Deep Blue, using the almost unlimited computing power at his disposal, had done what the combined resources of London law enforcement could not: he’d found Mulamba. Well, probably found him.
Mulamba’s kidnappers had abandoned the SUV in an alley, hidden from the view of the closed circuit television cameras that lined most London streets. The police had checked the footage from cameras in the area, but had been unable to identify the kidnappers’ waiting getaway vehicle. Deep Blue had taken the additional step of collecting all the camera feeds going back to the site of the abduction, near Hyde Park, and cobbled them together into a virtual recreation of the crime. There were several gaps in the record, but it was easy enough to connect the dots. When the full picture resolved, he found a significant time gap. The SUV had stopped for almost a full minute in one of the CCTV blind spots. Deep Blue believed that the kidnappers had used this break to transfer Mulamba to another car, and then continued on to the alley several miles away where the driver ultimately dumped the vehicle and escaped on foot.
Figuring that out had been the easy part. What he did next would have been nearly impossible without the quantum computer.
Deep Blue had used the footage from multiple cameras to track every single car that moved away from the suspected transfer point, and through a process of elimination, identified the getaway car. He then tracked the vehicle to a rural area near Dartford, about twenty miles southeast of London. By the time Queen and Rook deplaned at Heathrow, Mulamba’s location had been pinpointed.
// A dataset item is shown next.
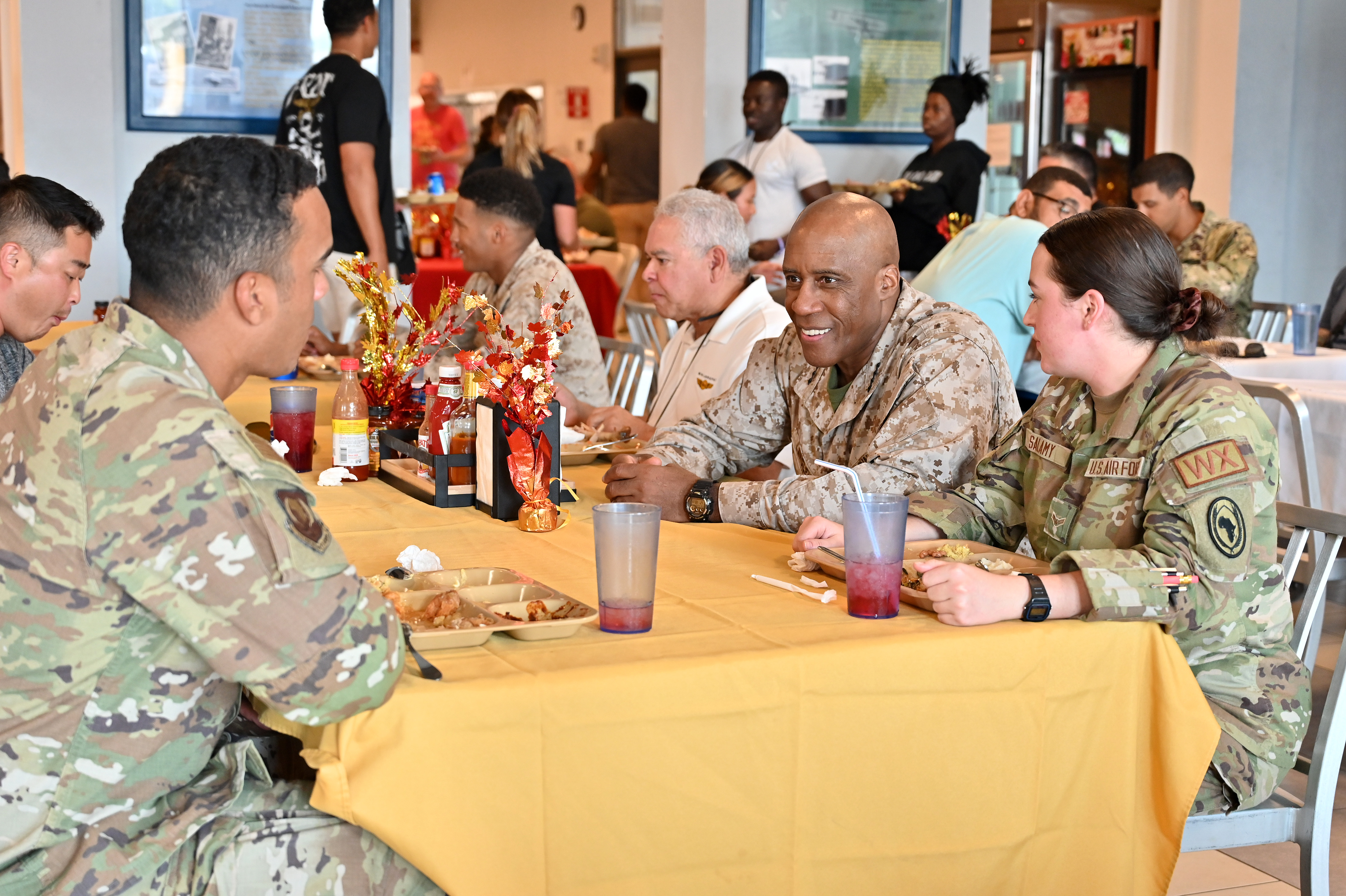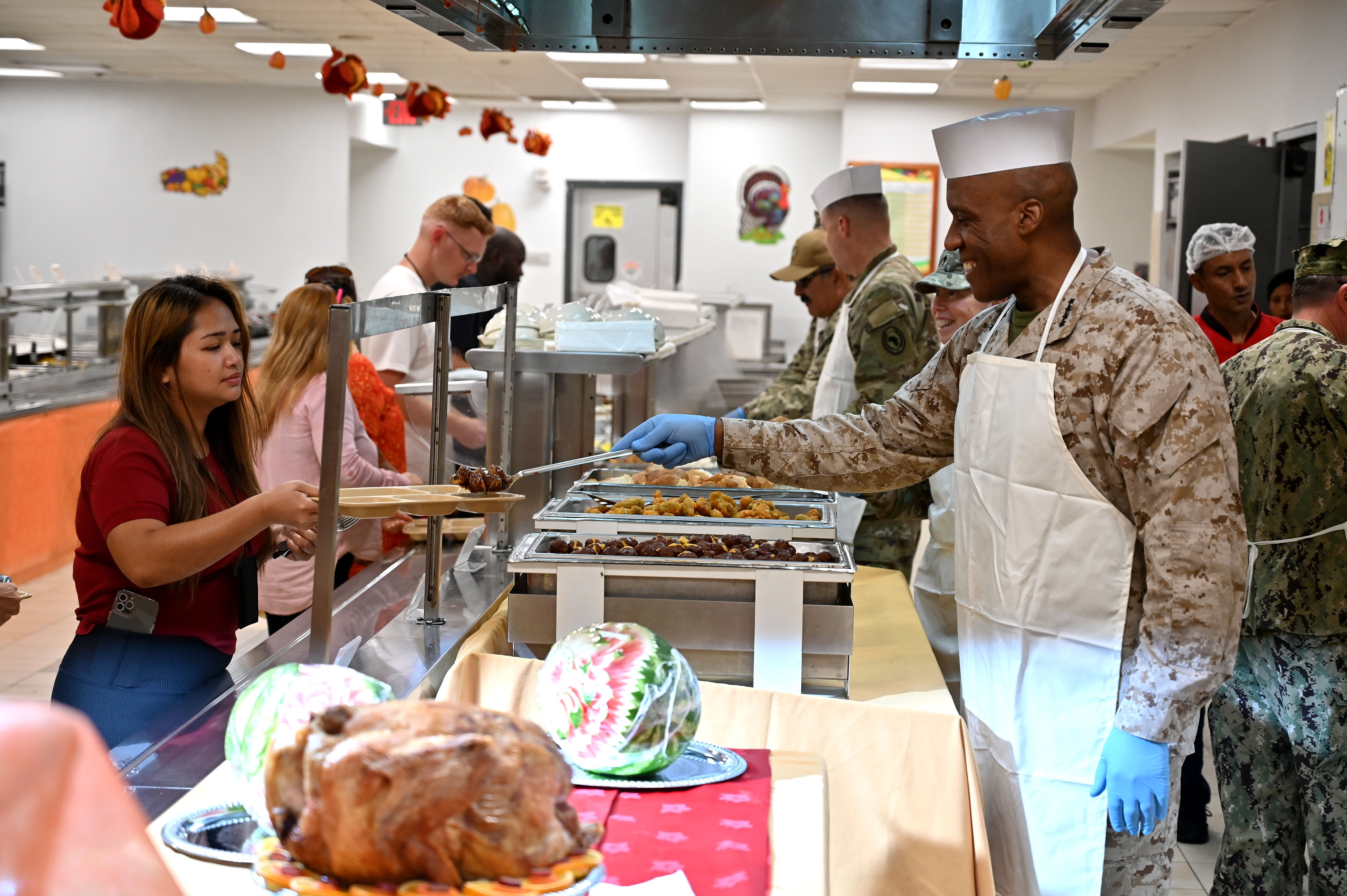 U.S. Marine Corps Gen. Michael Langley, commander of U.S. Africa Command, serves a Thanksgiving meal to service members deployed to Camp Lemonnier, Djibouti, Nov. 23, 2023. While visiting Camp Lemonnier, Langley presented awards to service members, attended a Turkey Bowl flag football game, and met with troops who are spending a holiday away from home. (Department of Defense photo by U.S. Air Force Master Sgt. Jerilyn Quintanilla)

After picking up their rental car, Queen and Rook had made just one stop, at the main branch of the Royal & General Bank to collect the contents of a safe deposit box, which included two SIG Pro pistols with spare magazines, two SOG Ops M40TK-CP combat knives and several bundles of £20 and £50 banknotes.
Rook cruised past the driveway entrance to the farmhouse, letting Queen handle the visual surveillance, and continued down the road for another half a mile before pulling off and parking on the shoulder. “So, dumb tourists?”